Esaminare i flaconcini di esposizione 24 e 48 ore dopo l'inizio dell'esposizione chimica. Contare e registrare le mosche morte in ogni fiala in ogni punto temporale. Per determinare se le mosche esposte hanno consumato i mezzi di esposizione blu nelle fiale di esposizione blu dopo 24 ore dall'esposizione chimica, esaminare le pareti del flaconcino per le indicazioni di feci blu che appaiono come piccoli punti sul lato della fiala di esposizione e del flug.
Quindi, anestetizzare le mosche usando anidride carbonica prima di esaminare gli addomi per la presenza di colorante blu. Esaminare le mosche per comportamenti alimentari anormali come rigurgito, distensione delle colture e rottura della funzione di barriera intestinale.
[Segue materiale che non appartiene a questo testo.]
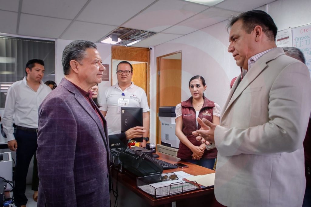 Pachuca, Hgo.- Durante una visita sorpresa por las instalaciones del Sistema de Transporte Convencional de Hidalgo, el mandatario estatal, Julio Menchaca Salazar, supervisó la atención que se le brinda a los concesionarios, así como las condiciones en las que se encuentran laborando las y los trabajadores de esta dependencia.
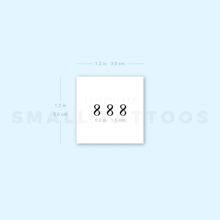 Small 888 Angel Number Temporary Tattoo (Set Of 3)
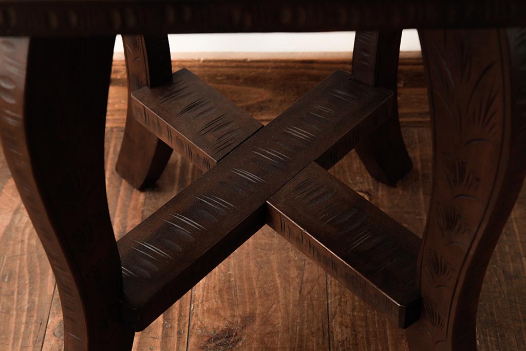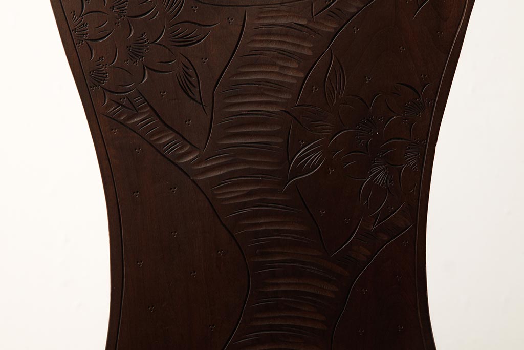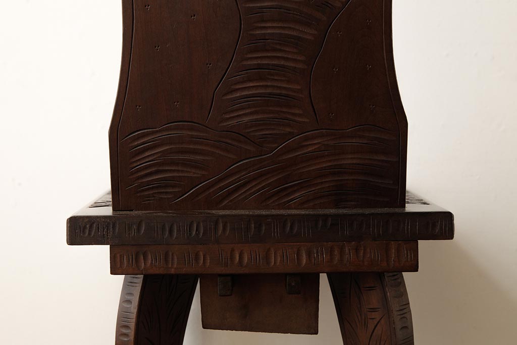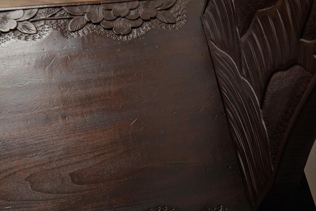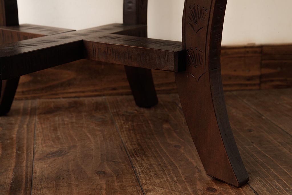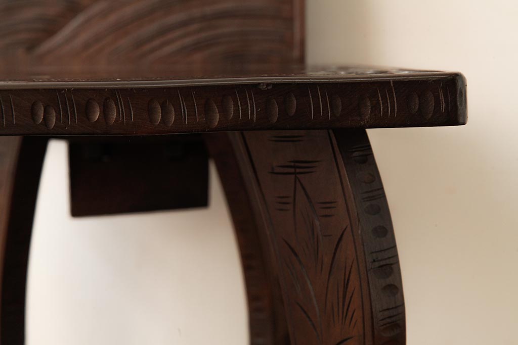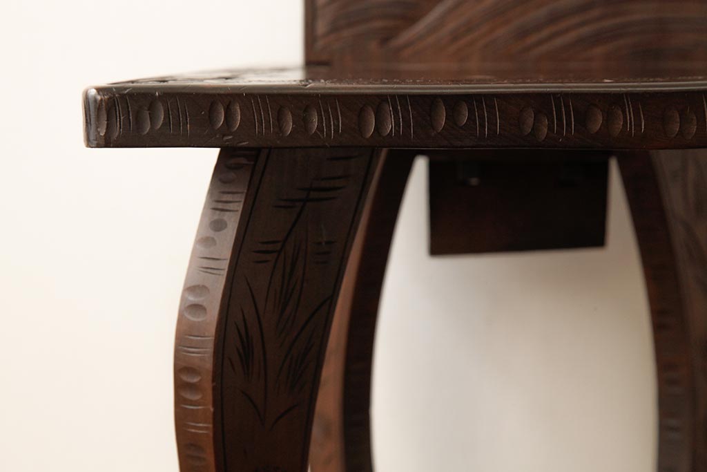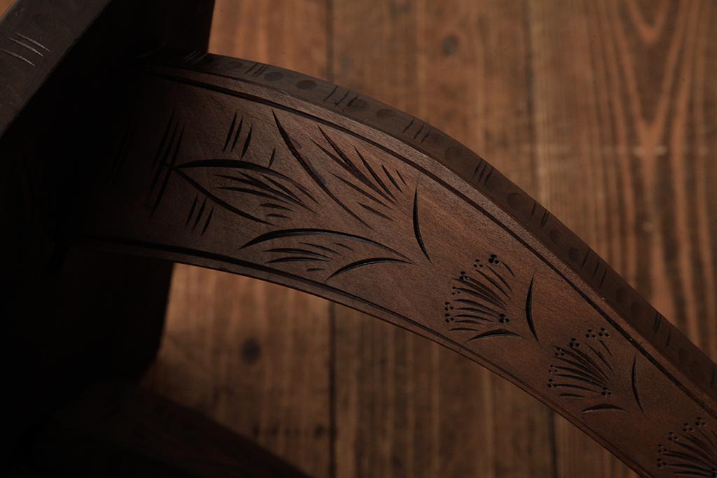 正面から見る背もたれや座面の立体的な彫りはもちろん、
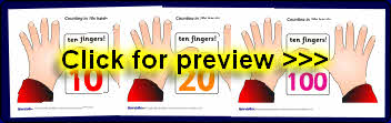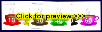 Numbers in multiples of 10 presented on tea cups. Great for emphasising the ‘tea’ sound of 10s numbers as opposed to ‘teen’ numbers.
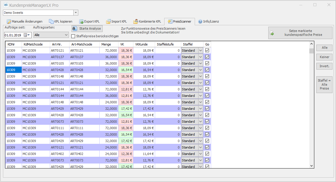 Es lassen sich bereits erstellte Aufträge nach manuell angepassten Preisen durchsuchen und diese Preise automatisch als kundenspezifische Preise hinterlegen (Preisscanner). Dabei ist vor dem Anlegen bzw. Anpassen der Preise eine Übersicht mit Auswahlmöglichkeit vorhanden.
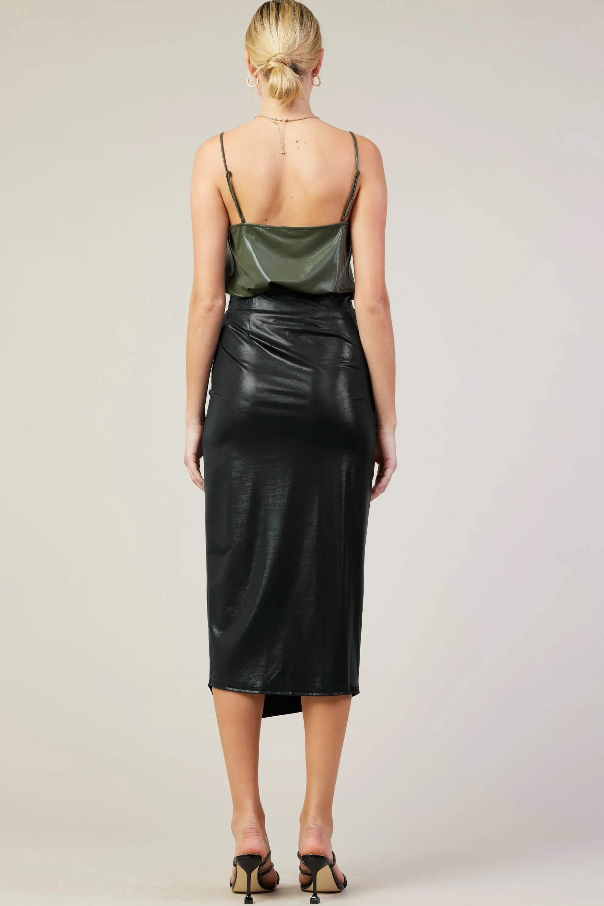 Sleek and lustrous, this black midi skirt has a wrap-style overlay with a tonal O-ring and a knotted sash. Sitting high on the natural waist, it glides against the body and has a sexy split at the front before landing at a slightly angular hem.

Una volta fatto, gettare tutte le fiale contaminate, la carta da filtro, i tappi e le mosche negli appositi contenitori di rifiuti chimici.
Se le mosche vive rimangono nelle fiale, congelare le fiale prima di gettarle nell'apposito contenitore dei rifiuti. L'efficacia del protocollo è stata determinata esponendo organi adulti o moscerini maschi e femmine all'intervallo di concentrazioni di arsonite di sodio da zero a due millimolari per segnare la letalità dopo 48 ore di esposizione. Negli esperimenti successivi, sono state selezionate da zero a cinque concentrazioni millimolari che hanno definito più precisamente la curva di risposta alla dose di arsonite di sodio.
Sulla base di questo modello, la dose letale finale, o LD 10, LD 25 e LD 50 di moscerini maschi alimentati con incendio di sodio erano rispettivamente 0,30 millimolari, 0,50 millimolari e 0,65 millimolari. Questi valori erano leggermente più alti per le mosche femmine con una LD 10 di 0,30 millimolare, una LD 25 di 0,65 millimolare e una LD 50 di 0,90 millimolare. Nei moscerini maschi e femmine alimentati con soluzioni di arsonite di sodio contenenti blu 1% F e C, il cibo ingerito è stato occasionalmente rigurgitato a dosi superiori a 0,2 millimolari per le femmine e 0,5 millimolari per i maschi, suggerendo che il rigurgito potrebbe svolgere il ruolo chiave nella risposta della filia delle scorie all'avvelenamento da arsenico.
Seguendo questo protocollo di esposizione, le mosche possono essere facilmente raccolte per ulteriori analisi, compresi studi genomici e metabolomici. Questo protocollo è il primo passo per stabilire il moscerino della frutta Drosophila melanogaster come modello genetico comune per condurre studi su larga scala di tossicologia di precisione.